八王子 コラム
公開日:2025.08.07
―連載小説・八王子空襲―キミ達の青い空
第23回 作者/前野 博
(前回からのつづき)
「母さん、もう寝た方がいい」
隆は、寝かしつけようとキミの体にそっと手を回した。
「寝るわ。どうでもいいわ。お父さんの好きなようにすればいいさ」
キミは目を瞑り、隆の腕の中に体を預けた。
「おまえは優しいね。いい息子だよ」
キミは穏やかな顔に戻っていた。このまま、落ち着いて寝てくれさえすればいいのだ。隆は、キミを横たえ、布団をかけた。
「まだ、お父さんとお春さんはいるかい?」
なんと答えたらいいのだろうか? 隆には、父もお春さんも明彦も見えない。
「いないよ。みんな、仏壇の中に帰ったんだね」
「そうかい、それは良かった。もう夜も遅いからね。みんな、寝た方がいいよ。おまえも、早く寝るといいよ。明日の朝、学校に遅れると大変だからね」
7.幸助とお春
あれから一週間が経ち、キミと由江は約束通り、元八王子村の寺や公民館に集団疎開している国民学校の生徒達の散髪にやって来た。

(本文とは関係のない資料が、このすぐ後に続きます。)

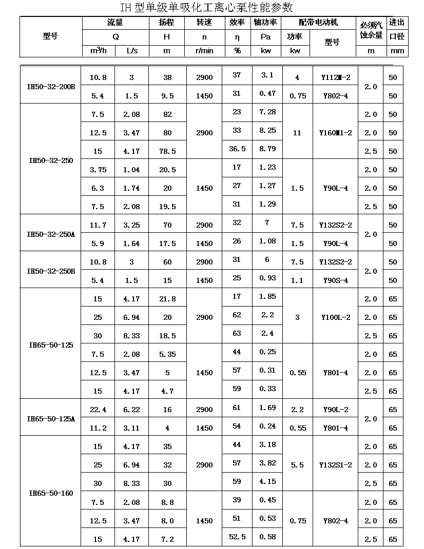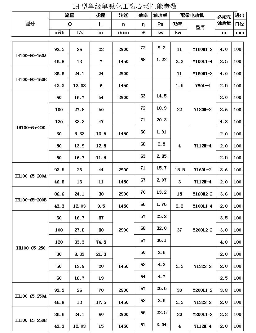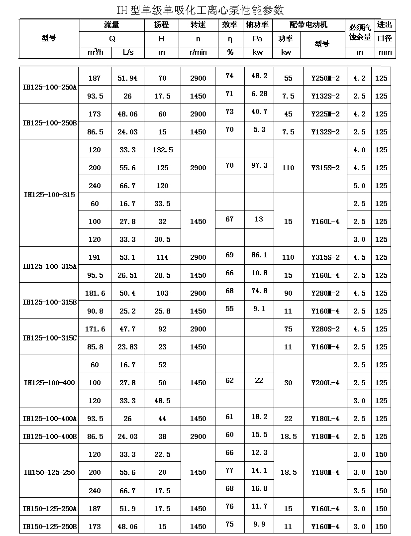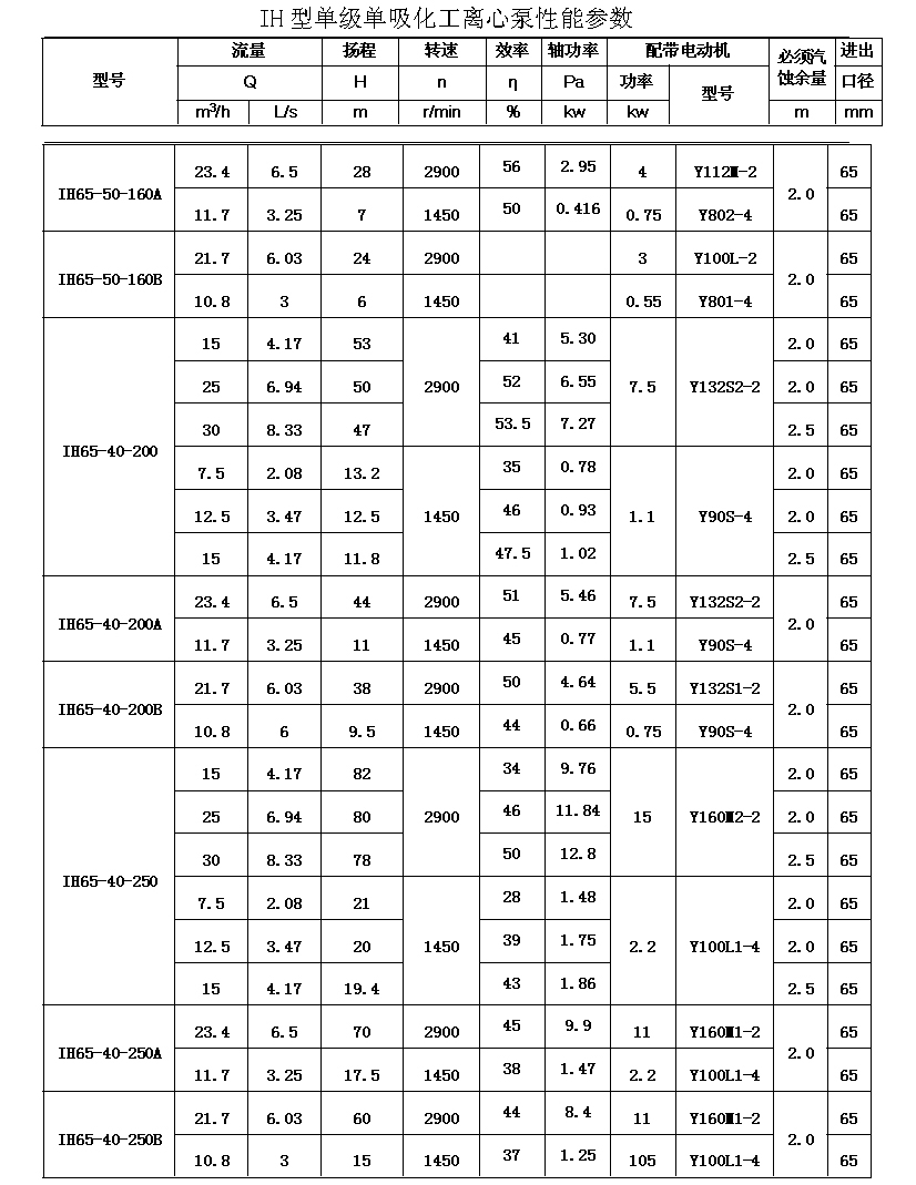 IH系列泵的性能參數(shù)為:流量為6.3~400米3/小時(shí),揚(yáng)程為5~125米。該系列泵輸送介質(zhì)的溫度一般為-20℃和105℃,必要時(shí)采取適當(dāng)?shù)拇胧?,可輸送更高溫度的介質(zhì)泵出口的***高壓力不得超過(guò)1。6Mpa。

「由江さん、キミさん、助かります。子ども達も喜んでいますよ。早速、お願いします」
村上の明るい笑顔が、キミにはまぶしかった。気持ちが浮き立つのが、自分でも分かった。
「前回と同じ場所でいいですか?」
由江が素早く反応して、散髪の準備に掛かった。キミの視線はまだ村上から離れなかった。
「すいませんね。今日も天気は良さそうですから、そこでいいです。
さあ、順番に、頭を刈ってもらおう。先週、散髪してもらった生徒は残って、勉強を続けなさい」
隣保館に宿泊している学童は三十人、前回は半数が散髪を終えていた。
「僕が一番だよ」
恵介が、キミの所に駆けて来た。前回は、恵介の前で、散髪は終了となってしまった。〈続〉
◇このコーナーでは、揺籃社(追分町)から出版された前野博著「キミ達の青い空」を不定期連載しています。